▶ _What you need to do_: Leaving out the images, reproduce every line of the data that follows exactly.

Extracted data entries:
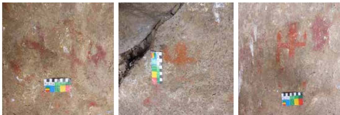
Figuras 4, 5 y 6: Vista de detalle de las superposiciones del panel 2, abrigo rocoso del Cerro Kunka.
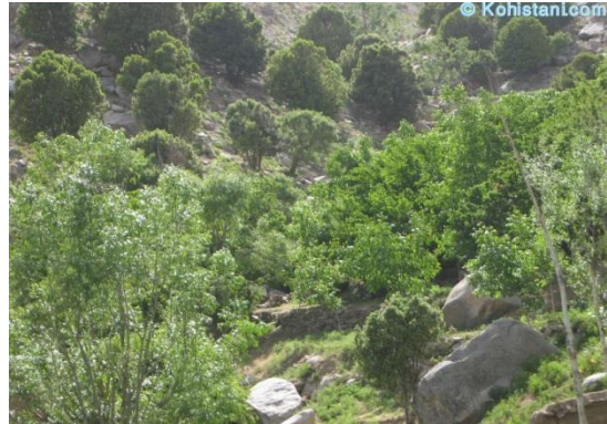
جنگلات کوه پنچشیر

کوه ودامنه کوههای نواحی ولایات افغانستان 450 هزار هکتار پسته زار در گذشته و از برکت طبیعت زیبا وگوارا افغانستان بشکل خود روی جود داشت. از حمله 90 هزار هکتار در کوه دامنه های بادغیس وهرات و 70 هزار هکتار در دامه کوههای سمنگان نواحی , سرپل ماباقی در در دامنه کوههای نواحی بغلان , تخار , بدخشان و بشکل پراکنده در نواحی جنوب شرق کشور نیز وجودارد.
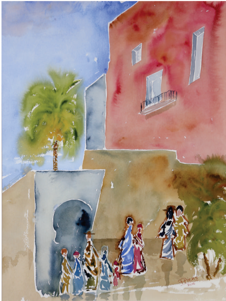
Malte / Malta, 2016, aquarelle/watercolour, 61x46 cm
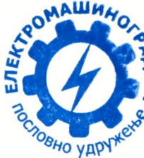
Slobodan Babić, dipl.ing.
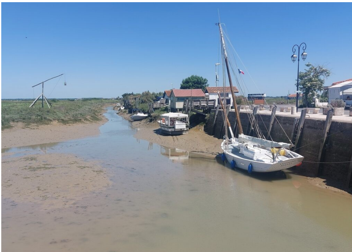
Le chenal de Mornac qui permet de relier le petit port de Mornac à la Seudre.
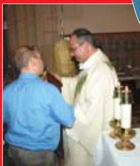
Tarifa. Seis oratorios fueron entregados al final de una jornada memorable.
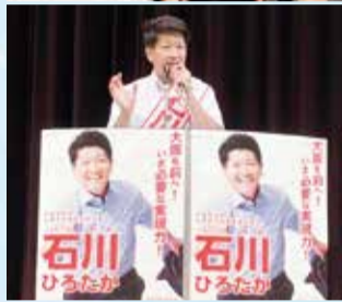
守口エナジーホールにて個人演説会

皆様のおかげで3期目大勝利を飾らせていただくことができました。本当に有難うございました。3期目も全力で仕事をし、皆様にご恩返しをして参ります。課題山積の中ですが、希望と安心の輪を広げていくその先頭に立って走り向いて参ります。(コメントの一部抜粋)
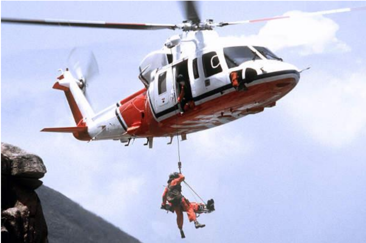
Slika 7. S-76D Helikopter, [13]
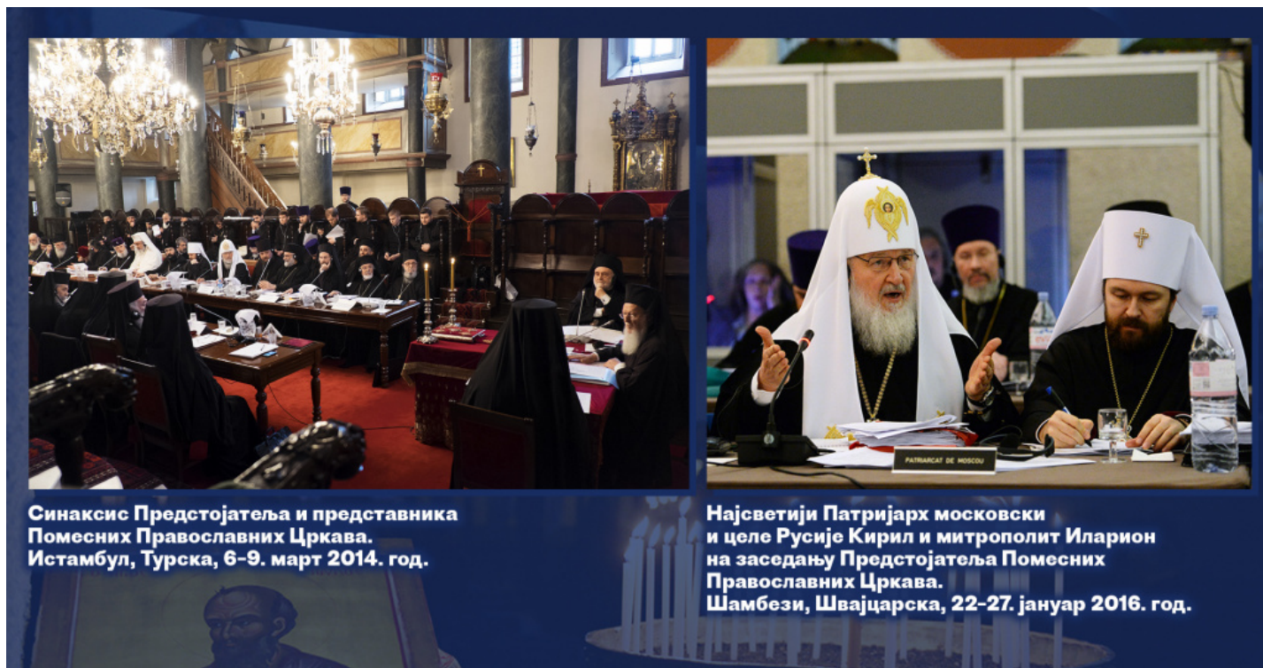
Синаксис Предстојатеља и представника Помесних Православних Цркава. Истамбул, Турска, 6-9. март 2014. год.

Ипак, у априлу 2011. године питање аутокефалности привремено је изузето из дискусије на иницијативу Цариградског Патријарха Вартоломеја, који је упутио писма Помесним Православним Црквама са предлогом да се одржи Свеправославни Сабор, а да се дискусија око спорног питања одложи за боља времена.
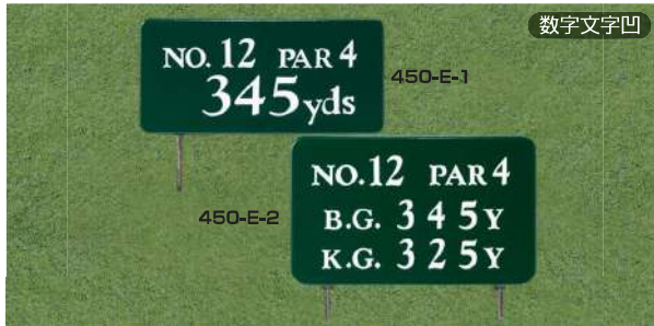
450-E-1 ヤード板 ワングリーン表示 200×400×18tmm 凹表示 250mmステンレス製足 450-E-2 ヤード板 ツーグリーン表示 250×400×18tmm 凹表示 250mmステンレス製足
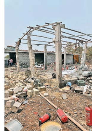
जांच के आदेश और आर्थिक सहायता की घोषणा

▶ _Result of this task_:
Figuras 4, 5 y 6: Vista de detalle de las superposiciones del panel 2, abrigo rocoso del Cerro Kunka.
جنگلات کوه پنچشیر

کوه ودامنه کوههای نواحی ولایات افغانستان 450 هزار هکتار پسته زار در گذشته و از برکت طبیعت زیبا وگوارا افغانستان بشکل خود روی جود داشت. از حمله 90 هزار هکتار در کوه دامنه های بادغیس وهرات و 70 هزار هکتار در دامه کوههای سمنگان نواحی , سرپل ماباقی در در دامنه کوههای نواحی بغلان , تخار , بدخشان و بشکل پراکنده در نواحی جنوب شرق کشور نیز وجودارد.
Malte / Malta, 2016, aquarelle/watercolour, 61x46 cm
Slobodan Babić, dipl.ing.
Le chenal de Mornac qui permet de relier le petit port de Mornac à la Seudre.
Tarifa. Seis oratorios fueron entregados al final de una jornada memorable.
守口エナジーホールにて個人演説会

皆様のおかげで3期目大勝利を飾らせていただくことができました。本当に有難うございました。3期目も全力で仕事をし、皆様にご恩返しをして参ります。課題山積の中ですが、希望と安心の輪を広げていくその先頭に立って走り向いて参ります。(コメントの一部抜粋)
Slika 7. S-76D Helikopter, [13]
Синаксис Предстојатеља и представника Помесних Православних Цркава. Истамбул, Турска, 6-9. март 2014. год.

Ипак, у априлу 2011. године питање аутокефалности привремено је изузето из дискусије на иницијативу Цариградског Патријарха Вартоломеја, који је упутио писма Помесним Православним Црквама са предлогом да се одржи Свеправославни Сабор, а да се дискусија око спорног питања одложи за боља времена.
450-E-1 ヤード板 ワングリーン表示 200×400×18tmm 凹表示 250mmステンレス製足 450-E-2 ヤード板 ツーグリーン表示 250×400×18tmm 凹表示 250mmステンレス製足
जांच के आदेश और आर्थिक सहायता की घोषणा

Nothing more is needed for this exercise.